Scientific Sovereignty: How International Drug Donation Programs Reshape Health, Disease, and the State: Supplemental Material

This post builds on the research article “Scientific Sovereignty: How International Drug Donation Programs Reshape Health, Disease, and the State,” which was published in the May 2012 issue of the Society’s peer-reviewed journal, Cultural Anthropology.

Editorial Footnotes

Cultural Anthropology has published a number of articles on biomedical regimes, including Angela Garcia’s "The Elegiac Addict: History, Chronicity and the Melancholic Subject" (2008), Nancy D. Campbell and Susan J. Shaw’s "Incitements to Discourse: Illicit Drugs, Harm Reduction, and the Production of Ethnographic Subjects" (2008), and Shao Jing’s "Fluid Labor and Blood Money: The Economy of HIV/AIDS in Rural Central China" (2006).

Cultural Anthropology has also published articles on pharmaceutical industry. See for example, Deepa Reddy’s "Good Gifts for the Common Good: Blood and Bioethics in the Market of Genetic Research" (2007) and Michael J. Montoya’s "Bioethnic Conscription: Genes, Race, and Mexicana/o Ethnicity in Diabetes Research" (2007).

Related Reading

Biehl, Joao. "Pharmaceuticalization: AIDS Treatment and Global Health Politics." Anthropological Quarterly 80.4(2007):1083–1126.

_________. Will to Live: AIDS Therapies and the Politics of Survival. Princeton: Princeton University Press, 2009.

Canguilhem, Georges. "Health: Crude Concept and Philosophical Question." Public Culture 20.3(2008):467-477.

Fassin, Didier. "Humanitarianism as a Politics of Life." Public Culture. 19.3(2007): 499-520.

Fox, Renee. "Medican Humanitarianism and Human Rights: Reflections on Doctors Without Borders and Doctors of the World." Social Science and Medicine. 41.12(1995): 1607-1616.

Mbembe, Achille. "Necropolitics." Public Culture. 15.1(2003):11-40.

Pogge, Thomas Winfried Menko. "Could Globalisation be Good for World Health?" Global Justice: Theory Practice Rhetoric 1.1(2008):1-10.

Petryna, Adriana. When Experiments Travel: Clinical Trials and the Global Search for Human Subjects. Princeton: Princeton University Press, 2009.

Rabinow, Paul, and Nikolas Rose. "Biopower Today." BioSocieties 1(2006):195–217.

Redfield, Peter. "Doctors, Borders, and Life in Crisis." Cultural Anthropology. 20.3(2005): 328-361.

Ari Samsky, untitled field photo. May 2012.

Questions for Classroom Discussion

1. What does Samsky mean by “global health orthodoxies”? Through what technologies do these orthodoxies travel? How are these orthodoxies experienced differently by people involved with different parts of the donation programs (recipients, administrators, scientists)?

2. What is the difference between a population and an individual? How do the drug donation programs articulate, redefine, play on, or otherwise affect this difference? Where do numbers and statistics come in? What is the significance of counting?
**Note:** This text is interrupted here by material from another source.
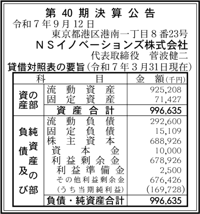 NSリヤンド株式会社 東京都港区 【2024年3月期】 |

3. What is the difference between “disease control” and “development”? How does their distinction, or indistinction, work as a discursive strategy, and for whom?
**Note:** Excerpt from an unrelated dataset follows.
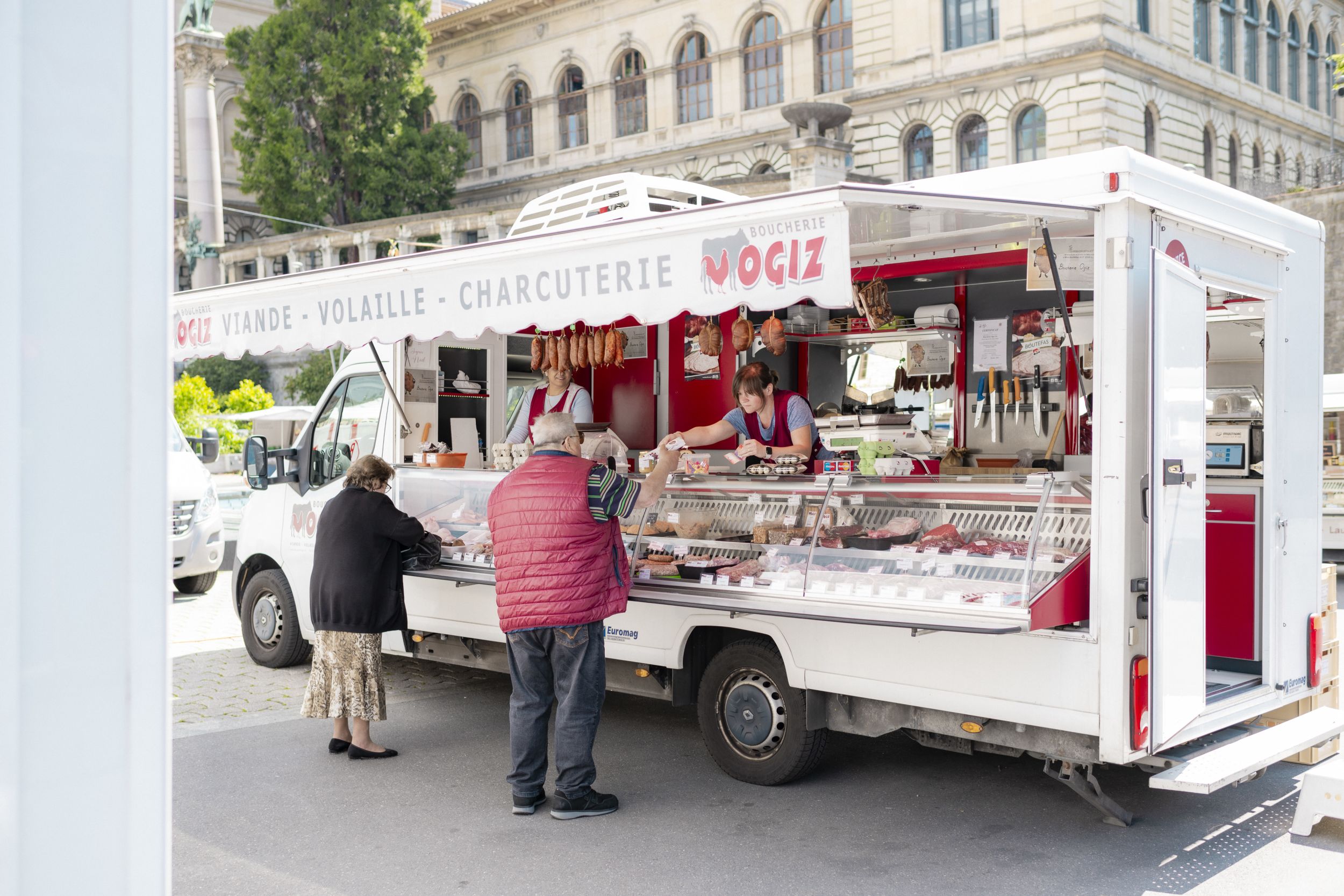 Diese Familienmetzgerei bietet seit drei Generationen Waadtländer Spezialitäten wie die Wurst Boutefas an. Der Fleischstand wartet mit einem reichen Angebot an Würsten, gebratenem Poulet und salzigem Gebäck auf.

4. What does the author mean by “scientific sovereignty”? How does this concept differ from prior ideas of biopolitics (as in Foucault, Mbembe, Rabinow and Rose, and Fassin)? In what other terrains does scientific sovereignty operate? What role does human biology (Fassin’s “life itself”, or Canguilhem’s “healthiness”) play in the exercise of scientific sovereignty?

5. What kind of understanding of personal and community responsibility and self-interest comes out of the conversation with Msangi and Mgwabati (pp. 318-320)? How are public/tropical health values, community values, and personal values at odds?
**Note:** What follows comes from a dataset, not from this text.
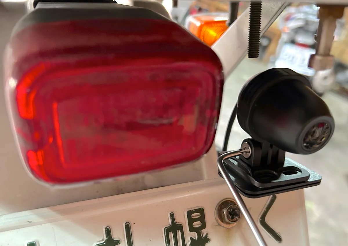 なお、カメラ設置後は両面テープなのでしばらく時間を置いて、実際に走り出す前にディスプレイで画角を確認しながら付属の工具で角度調整をしましょう。

6. What do you make of the ex-CEO’s remark on ethics (p. 321)? How does refusing to talk explicitly about ethics fit the discursive and political strategy of the donation programs?

7. What does the author mean by “zoopolitics”? Where do animals fit into the picture of the drug donation programs?

8. Does the structure that Samsky describes fit the definition of a “public-private partnership”? Whose definition?

9. What does this essay, which asks us to take seriously the epistemological consequences of industry-sponsored drug donation programs, say about critical public anthropology?